§ Work task: Return the whole listing unchanged. Drop the images.

§ Dataset section:
--------

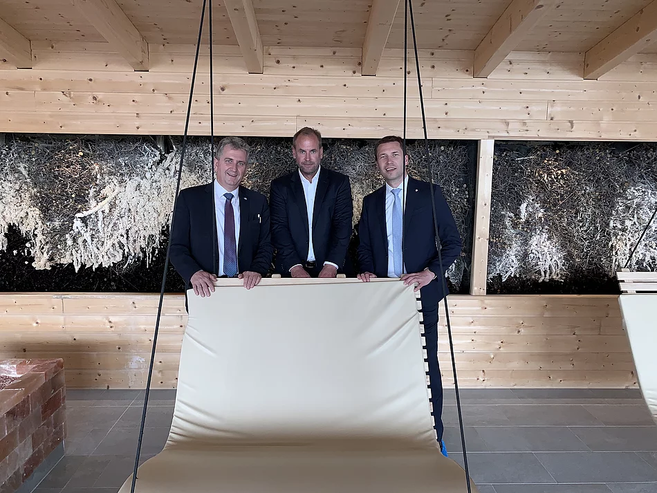 Landrat Matthias Dießl besichtigte zusammen mit Steins Bürgermeister Kurt Krömer das Kristall Palm Beach in Stein. Es ist eines der größten und am meisten besuchten Erlebnisbäder in Nordbayern.
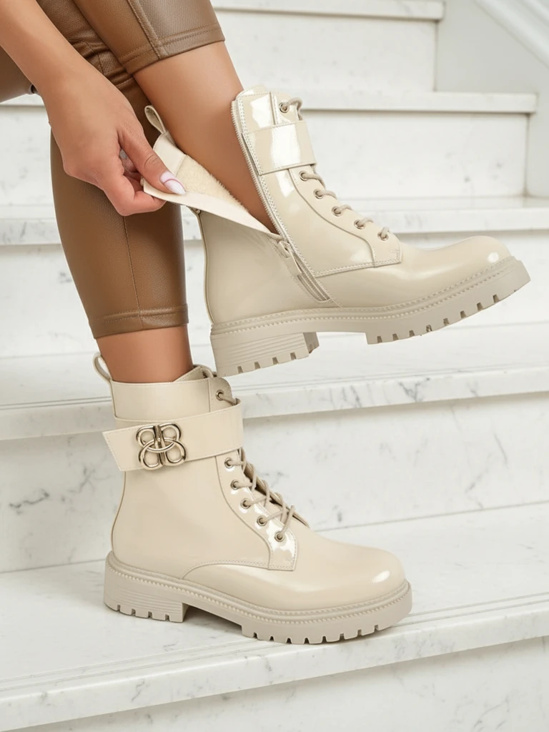 - Beżowe botki damskie z eko skóry, z zamkiem i okrągłym noskiem – nowoczesność, wygoda i styl w jednym.
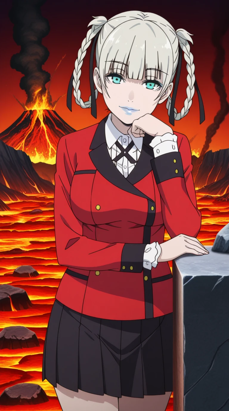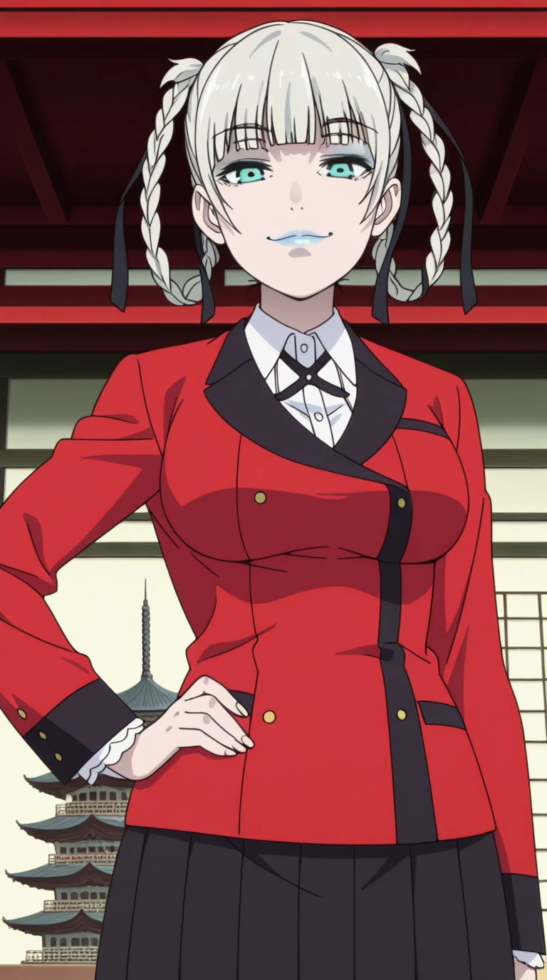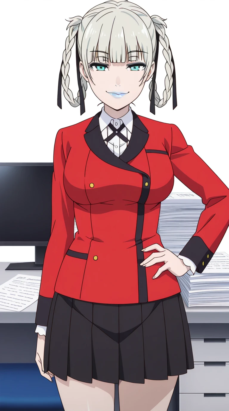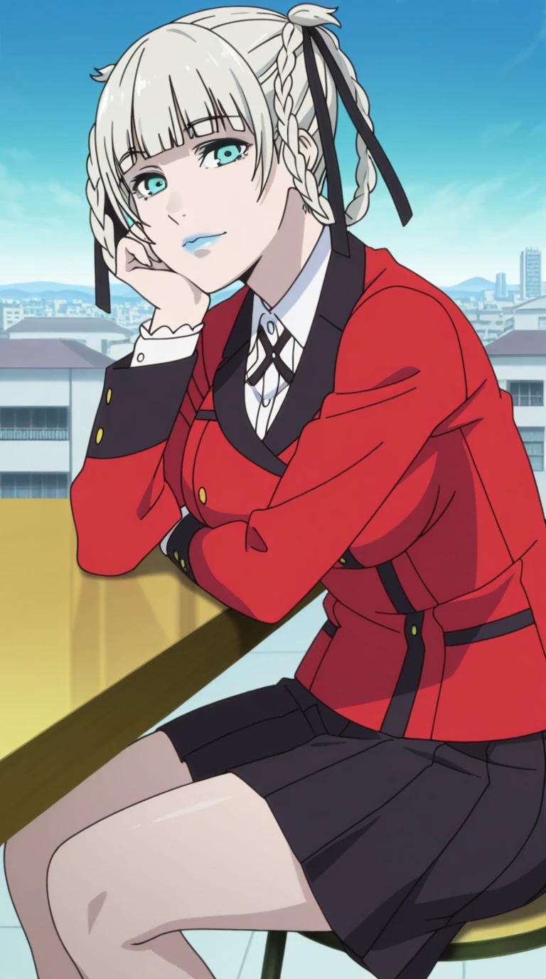 kirari momobami, momobami kirari, bangs, blue eyes, hair ribbon, braid, blunt bangs, aqua eyes, makeup, lipstick, hair rings, blue lips, mature female, medium breasts, anime screencap

--------

§ Final answer:
 Landrat Matthias Dießl besichtigte zusammen mit Steins Bürgermeister Kurt Krömer das Kristall Palm Beach in Stein. Es ist eines der größten und am meisten besuchten Erlebnisbäder in Nordbayern.
 - Beżowe botki damskie z eko skóry, z zamkiem i okrągłym noskiem – nowoczesność, wygoda i styl w jednym.
 kirari momobami, momobami kirari, bangs, blue eyes, hair ribbon, braid, blunt bangs, aqua eyes, makeup, lipstick, hair rings, blue lips, mature female, medium breasts, anime screencap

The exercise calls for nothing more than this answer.